Every image will be named '[name]-[count].png' or '[name]-[$cdk:title].png' where
name is either a default name or the specified name to this parameter (e.g. '.' -
current folder using default file name, '/tmp/imgs/DefaultImageName.png' - use
/tmp/imgs/ as directory and use 'DefaultImageName' as file name)
Default: imgs/GradientDepiction.png
-cs | --color-scheme [text]
The specified color-scheme (case in-sensitive), options:
(1) blue:red
(2) red:blue
(3) red:blue:red
(4) cyan:magenta
(5) rainbow
custom - contact Aros Bio for custom requirements!
Default: 1
--color-legend
Add a color legend at the bottom of the image
--atom-numbers
Depict atom numbers
--atom-number-color [color name] | [hex color]
Color of the atom numbers
Default: BLUE
-ih | --image-height [text]
The height of the generated images (in pixels)
Default: 400
-iw | --image-width [integer]
The width of the generated images (in pixels)
Default: 400
Significant Signature image output:
-si | --signature-images
Create a Significant Signature image for each predicted molecule
-sf | --signature-image-file [path]
Path to where generated images should be saved, can either be a path to a specific
folder or a full path including a file name (only .png file ending supported).

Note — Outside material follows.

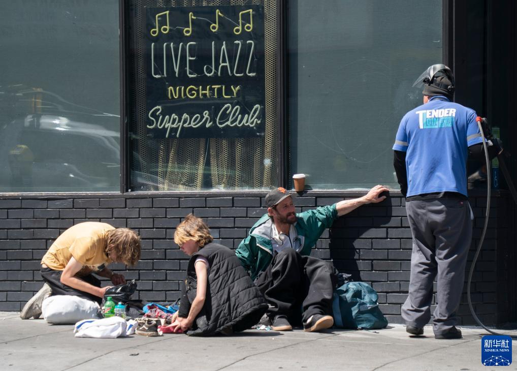 这是8月18日在美国加州旧金山市区的街道上拍摄的无家可归者。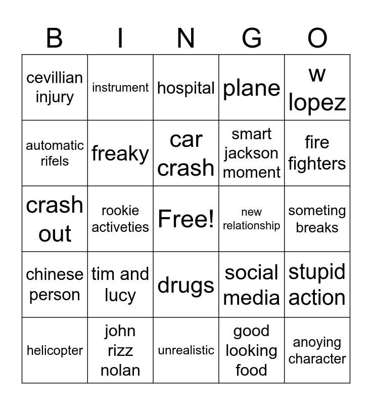 This bingo card has a free space and 24 words: tim and lucy, john rizz nolan, car crash, helicopter, w lopez, cevillian injury, automatic rifels, instrument, new relationship, drugs, smart jackson moment, crash out, social media, stupid action, freaky, good looking food, someting breaks, hospital, fire fighters, rookie activeties, anoying character, chinese person, plane and unrealistic.

Every image will be named '[name]-[count].png' or '[name]-[$cdk:title].png' where
name is either a default name or the specified name to this parameter (e.g. '.' -
current folder using default file name, '/tmp/imgs/DefaultImageName.png' - use
/tmp/imgs/ as directory and use 'DefaultImageName' as file name)
Default: imgs/SigificantSignatureDepiction.png
-hc | --highlight-color [color name] | [hex color]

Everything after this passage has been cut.